Desse modo, essa tecnologia será uma grande ajuda para os operadores do direito, e para os credores em geral.
Quando começou a funcionar, quais bases de dados já podem ser consultadas?
O SNIPER começou a funcionar em agosto e desde 15 de setembro recente já é possível acessá-lo.
Conforme informado no site do Conselho Nacional de Justiça, por meio do SNIPER já é possível a consultar dados dos seguintes órgãos:
- Receita Federal do Brasil: Cadastro de Pessoas Físicas (CPF) e Cadastro Nacional da Pessoa Jurídica (CNPJ).
- Tribunal Superior Eleitoral (TSE): base de candidatos, com informações sobre candidaturas e bens declarados.
- Controladoria-Geral da União (CGU): informações sobre sanções administrativas (caso já tenha ocupado cargo público), empresas inidôneas e suspensas, entidades sem fins lucrativos impedidas, empresas punidas e acordos de leniência.
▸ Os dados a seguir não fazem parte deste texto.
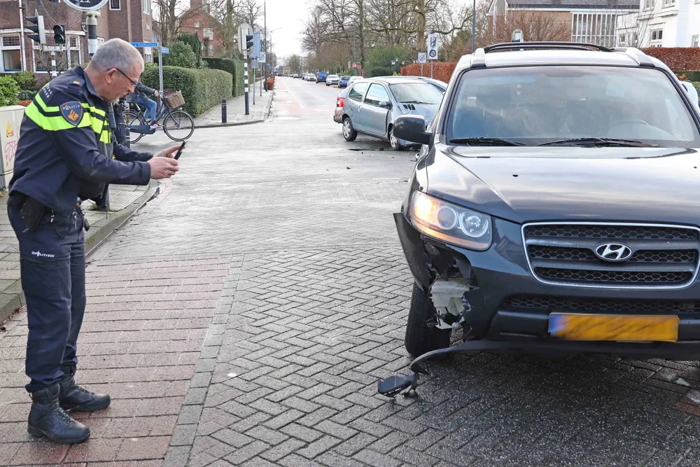 Op deze kruising waren twee auto's met elkaar in botsing gekomen. Een van de inzittenden liep lichte verwondingen op en werd behandeld door het ambulancepersoneel. De politie onderzoekt de toedracht van het ongeval.
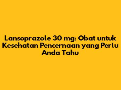 Apa Itu Lansoprazole 30 mg?
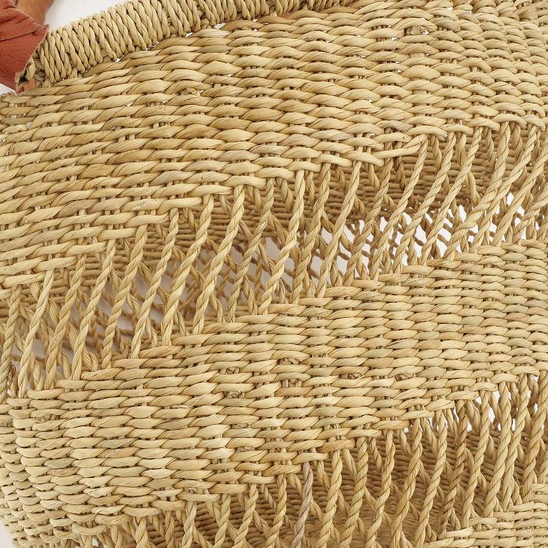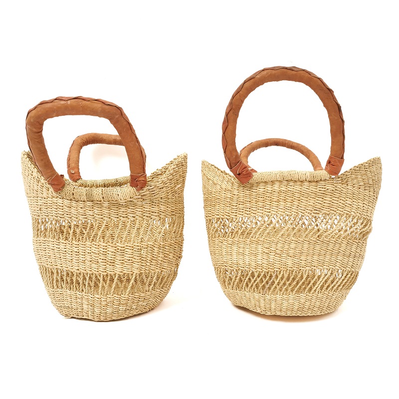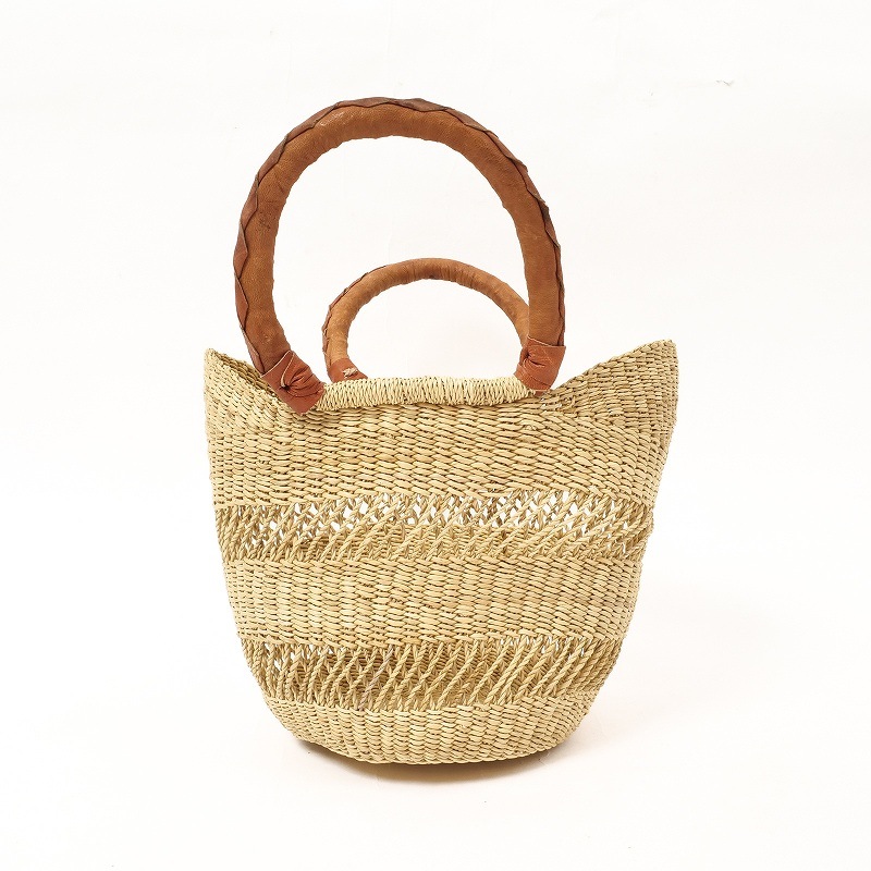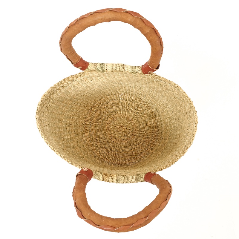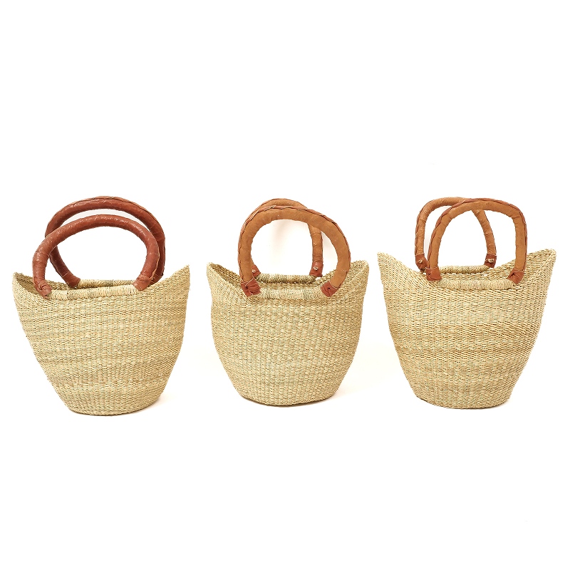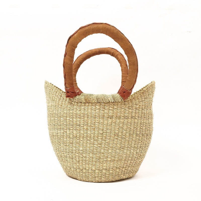 アフリカ・ガーナ北部の州都ボルガタンガで作られるバスケットは、ナチュラルな風合いとアフリカらしいカラフルさで世界中で人気。エレファントグラスと呼ばれる水草を用いボルガタンガでバスケットが編まれ、その後ブルキナファソの革職人に送られ山羊革のハンドルを着けられます。「ボルガバスケット」「ブルキナバスケット」のふたつの名があるのはそのため。エレファントグラスはイネ科の植物で水に強く、ロープに用いられるほど強靭な繊維。そのバスケットは弾力性があり丈夫で長持ち、汚れたら水でザブザブ洗えるのも魅力。現地では買い物などに使われ生活に欠かせないアイテムです。
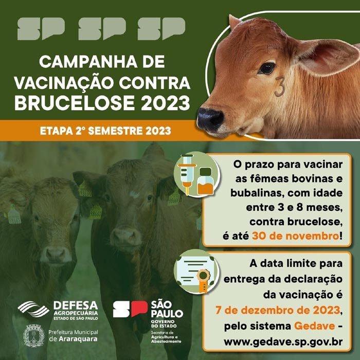 A vacinação contra Brucelose está em andamento no estado de São Paulo e os produtores rurais têm até esta quinta-feira, 30 de novembro, para vacinar todas as fêmeas bovinas e bubalinas com idade entre três e oito meses. A declaração da vacina tem prazo de encerramento em 7 de dezembro no sistema de Gestão de Defesa Animal e Vegetal (Gedave), da Coordenadoria de Defesa Agropecuária, da Secretaria de Agricultura e Abastecimento do Estado de São Paulo.
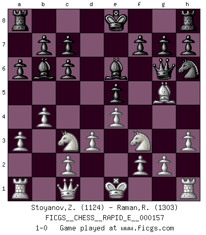 Last move : 1-0 2015 October 12 1:7:15 [Event "FICGS__CHESS__RAPID_E__000157"] [Site "FICGS"] [Date "2015.08.26"] [Round "1"] [White "Stoyanov,Zdravko"] [Black "Raman,Ranganathan"] [Result "1-0"] [WhiteElo "1124"] [BlackElo "1303"] 1.e4 Nc6 2.Nf3 e5 3.a3 Nh6 4.Bb5 Qf6 5.h3 a6 6.Bxc6 dxc6 7.d3 Be6 8.Nc3 Bc5 9.b4 Bb6 10.Bg5 Qg6 11.Qc1 1-0 This chess game has been lost on time (started : 2015.08.26 20:26:9) KP : Nimzovich defense Player White won this chess game. Follow this game move after move (download)After a bad opening, there is hope for the middle game. After a bad middle game, there is hope for the endgame. But once you are in the endgame, the moment of truth has arrived. (Edmar Mednis) Der Traum, für den ich lebe, ist der von einem freien Russland. Viele mögen sagen: Russland hat doch ein Parlament, einen gewählten Präsidenten. Aber ich spüre, dass in meiner Heimat die Angst wiederkehrt. Eine Angst, sich frei zu äußern, bestimmte Dinge zu tun (Garry Kasparov) Todos los jugadores de Ajedrez deberían tener un pasatiempo. (Savielly Tartakower) Les Echecs mettent en conflit, non pas deux intelligences, mais deux volontés. (Lasker) There are lots of people who mistake their imagination for their memory. (Josh Bilings)
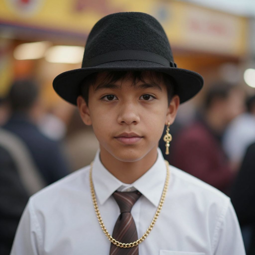 Party fair costume, jewelry, earrings, male focus, hat, 1boy, solo focus, blurry background, looking at viewer, blurry, necklace, ascot
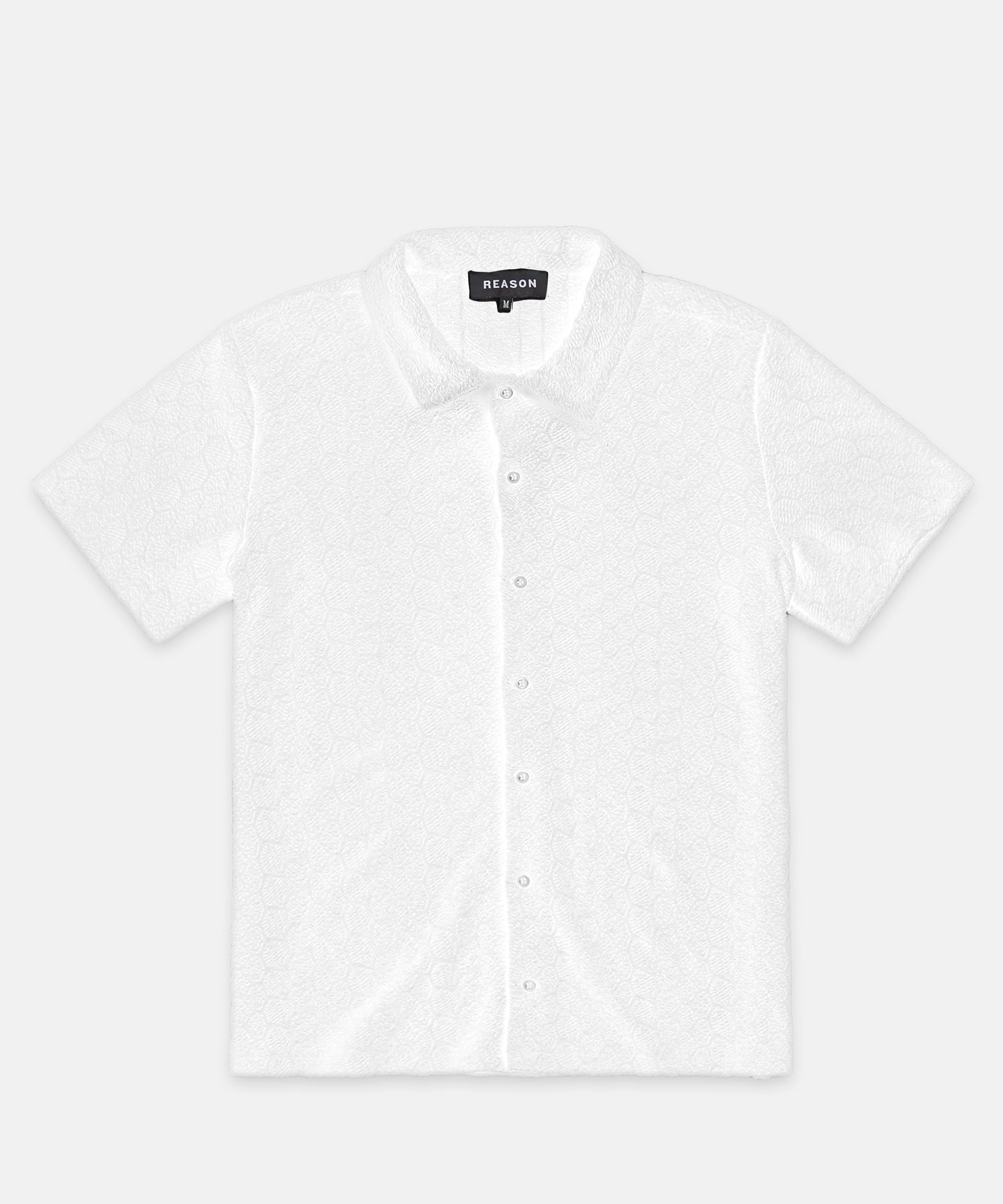 Textured Honey Comb Button Down Shirt - White
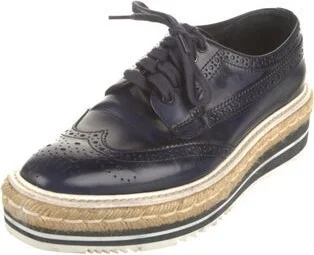 Prada Leather Oxfords Blue Jute Trim Round-Toes with Lasercut Accents Platform Lace-Up Closure at Uppers Designer Fit: Flats by Prada typically run a half size small. Unfortunately, due to restriction Read more
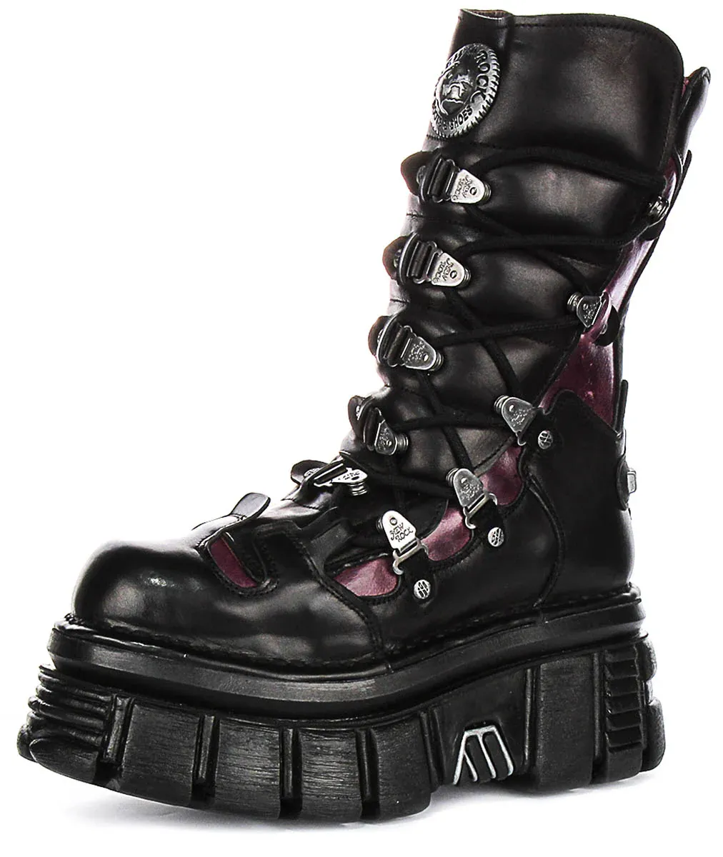 The 203 Tower boots boast an eye-catching design with their combination of black leather and subtle purple accents, creating a striking contrast. The robust design features multiple metal buckle-like accents running across the front, secured with black lacing for an adjustable fit. The metallic embellishments, including a signature round ornament on the tongue, add a gothic-industrial edge to the overall design. Additionally, the reinforced stitched overlay details elevate the aesthetic and ensure durability.
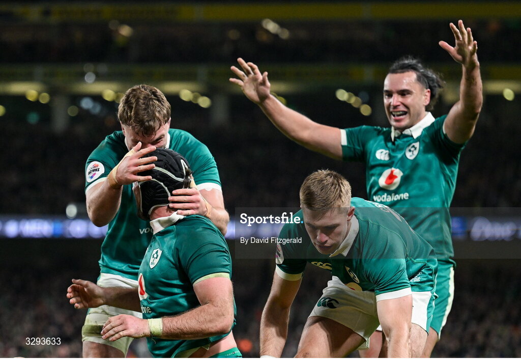 15 November 2025; Caelan Doris of Ireland is congratulated by team-mate Cian Prendergast after scoring their fourth try as James Lowe, right, celebrates during the Quilter Nations Series 2025 match between Ireland and Australia at the Aviva Stadium in Dublin. Photo by David Fitzgerald/Sportsfile

- Agência Nacional de Aviação Civil (Anac): Registro Aeronáutico Brasileiro.
- Tribunal Marítimo: embarcações listadas no Registro Especial Brasileiro.
- CNJ: informações sobre processos judiciais, número de processos, valor da causa, partes, classe e assunto dos processos.
Outrossim, a relação de dados disponíveis poderá sofrer atualizações e as seguinte bases estão em processo de integração:
- Infojud: dados fiscais (apenas no módulo sigiloso)
- Sisbajud: dados bancários (apenas no módulo sigiloso)
Como se vê esse auxílio tecnológico será uma revolução na busca de ativos dos devedores, um problemão para os maus pagadores e fraudadores, e uma tremenda ajuda para os credores, tão desprotegidos pela nossa legislação, que estabelece prazos tão curtos para os credores localizarem os bens dos devedores.
Todavia não se pense que o SNIPER permitirá que se tenha acesso às informações de todos os devedores, em geral. Continuará sendo necessário e exigido pelos tribunais que os credores façam todo o possível para localizar os bens dos devedores, efetuem requerimentos, diligências, investigações, e comprovem em juízo que todas essas tentativas de localização de bens foram infrutíferas.
Ademais, o requerimento ao judiciário para a utilização da ferramenta SNIPER, obrigatoriamente será submetido ao contraditório e à ampla defesa do devedor. Vale dizer, o devedor poderá se defender, expor as razões fáticas, jurídicas e probatórias para que o juiz indefira o pedido do exequente referente a devassa financeira e patrimonial da sua vida.
O devedor obviamente irá alegar que a quebra do seu sigilo bancário para o pagamento de uma dívida, fere a inviolabilidade do sigilo bancário e o direito à sua privacidade, direitos esses amparados pela Constituição Federal.
Saliente-se que, na maioria dos casos, no confronto entre o direito de efetividade da execução, que visa proteger um direito patrimonial, e determina que o direito não seja apenas reconhecido, mas algo efetivo, e o direito de inviolabilidade do sigilo dos dados bancário e o direito de privacidade, os tribunais têm privilegiado os direitos do devedor, em razão das disposições constitucionais existentes.
A quebra do sigilo bancário em execuções é algo difícil de acontecer, ocorre excepcionalmente. Considerando-se que o SNIPER foi desenvolvido para ajudar a localizar os bens de devedores em execuções, os requisitos para a quebra de sigilo bancário, neste caso, serão em síntese a ocorrência de ilícitos penais ou administrativos, e crimes contra a ordem tributária e a previdência social.
Ainda é cedo para saber com qual velocidade ele estará a pleno vapor nos tribunais brasileiros, mas o CNJ está fazendo um grande esforço para que isso ocorra logo, inclusive já lançou no início de outubro um curso on-line para uso do SNIPER por profissionais do poder judiciário.
Parabéns para o CNJ, precisamos cada vez mais do uso de tecnologias de ponta para que a justiça seja uma realidade, e não apenas uma sentença impossível de executar.